The Gluster company was recently purchased by RedHat.

Now a bit about DropBox:

Dropbox is a Web-based file hosting service operated by Dropbox, Inc. that uses cloud storage to enable users to store and share files and folders with others across the Internet using file synchronization.

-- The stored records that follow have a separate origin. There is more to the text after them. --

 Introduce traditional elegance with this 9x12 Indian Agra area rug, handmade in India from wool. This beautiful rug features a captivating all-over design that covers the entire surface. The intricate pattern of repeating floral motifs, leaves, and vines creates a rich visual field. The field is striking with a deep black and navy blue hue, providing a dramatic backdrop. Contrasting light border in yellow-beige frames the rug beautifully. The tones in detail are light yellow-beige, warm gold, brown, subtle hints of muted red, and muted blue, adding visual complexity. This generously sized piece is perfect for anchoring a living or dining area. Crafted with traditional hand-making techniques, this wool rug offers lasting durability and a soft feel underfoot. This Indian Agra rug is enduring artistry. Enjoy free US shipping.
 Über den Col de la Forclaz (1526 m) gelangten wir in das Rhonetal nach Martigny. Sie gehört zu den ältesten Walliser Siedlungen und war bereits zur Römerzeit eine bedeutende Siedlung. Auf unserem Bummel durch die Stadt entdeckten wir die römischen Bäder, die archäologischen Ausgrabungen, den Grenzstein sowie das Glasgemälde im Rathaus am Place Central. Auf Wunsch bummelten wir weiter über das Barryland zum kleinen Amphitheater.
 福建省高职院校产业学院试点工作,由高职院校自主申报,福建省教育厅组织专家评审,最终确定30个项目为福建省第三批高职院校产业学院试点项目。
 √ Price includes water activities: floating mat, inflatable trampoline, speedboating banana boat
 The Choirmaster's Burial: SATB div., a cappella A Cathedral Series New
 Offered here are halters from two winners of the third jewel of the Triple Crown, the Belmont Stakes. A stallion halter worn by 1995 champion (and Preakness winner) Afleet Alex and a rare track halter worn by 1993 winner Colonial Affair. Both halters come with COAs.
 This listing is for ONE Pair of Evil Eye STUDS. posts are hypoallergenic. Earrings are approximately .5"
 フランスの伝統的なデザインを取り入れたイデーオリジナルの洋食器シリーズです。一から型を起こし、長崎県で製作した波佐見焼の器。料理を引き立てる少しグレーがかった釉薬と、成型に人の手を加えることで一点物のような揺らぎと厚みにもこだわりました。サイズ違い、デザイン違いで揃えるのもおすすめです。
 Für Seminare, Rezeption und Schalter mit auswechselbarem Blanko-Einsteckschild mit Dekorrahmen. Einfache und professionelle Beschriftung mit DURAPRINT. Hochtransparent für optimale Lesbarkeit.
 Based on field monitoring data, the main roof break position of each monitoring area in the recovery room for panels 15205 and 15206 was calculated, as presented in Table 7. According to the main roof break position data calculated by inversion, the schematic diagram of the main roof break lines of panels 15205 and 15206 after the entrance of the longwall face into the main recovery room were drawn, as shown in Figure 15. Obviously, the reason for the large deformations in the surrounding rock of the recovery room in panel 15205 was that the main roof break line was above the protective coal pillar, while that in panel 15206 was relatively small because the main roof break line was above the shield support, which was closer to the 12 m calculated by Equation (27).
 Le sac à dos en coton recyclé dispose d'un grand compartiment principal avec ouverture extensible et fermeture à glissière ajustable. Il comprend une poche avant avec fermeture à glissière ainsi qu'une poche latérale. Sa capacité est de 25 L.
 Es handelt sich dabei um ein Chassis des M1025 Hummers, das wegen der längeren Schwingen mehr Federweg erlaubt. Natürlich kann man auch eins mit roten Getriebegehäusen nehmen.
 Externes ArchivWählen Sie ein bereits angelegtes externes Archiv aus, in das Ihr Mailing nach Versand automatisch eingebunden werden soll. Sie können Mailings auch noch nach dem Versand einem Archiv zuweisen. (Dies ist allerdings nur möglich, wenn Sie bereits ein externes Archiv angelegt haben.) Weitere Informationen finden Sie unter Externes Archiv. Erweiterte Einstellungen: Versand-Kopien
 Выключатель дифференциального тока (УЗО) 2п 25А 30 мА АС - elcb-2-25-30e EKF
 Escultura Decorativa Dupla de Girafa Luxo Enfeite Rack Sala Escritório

The portion of DropBox I’ve tried to duplicate is the storage part.  File Sharing with other users is not a goal here.  I need access to my data no matter where I am, even if I don’t have my laptop with me, and I like my data backed up offsite.  In my case, the offsite data is behind a VPN, so all I need to get access to my latest data is something that can attach to the VPN.  My iPhone can do that.  Data syncing works only on the following OS’s (the OS needs good FUSE support:

Recommended: Redhat Enterprise GNU/Linux on x86-64 architecture and Ext3 file system
Tested and Supported: Fedora, Debian, CentOS, Ubuntu GNU/Linux on x86-64 architecture and Ext3 (or Ext4 from Linux-2.6.30 onwards) file system, Oracle Solaris 64bit + ZFS
Known to Work: Mac OS X 64bit + HFS+, FreeBSD 64bit + UFS

GlusterFS is fairly portable to any 64-bit POSIX compliant operating system and disk file system with extended attribute support. Native client port requires FUSE device support.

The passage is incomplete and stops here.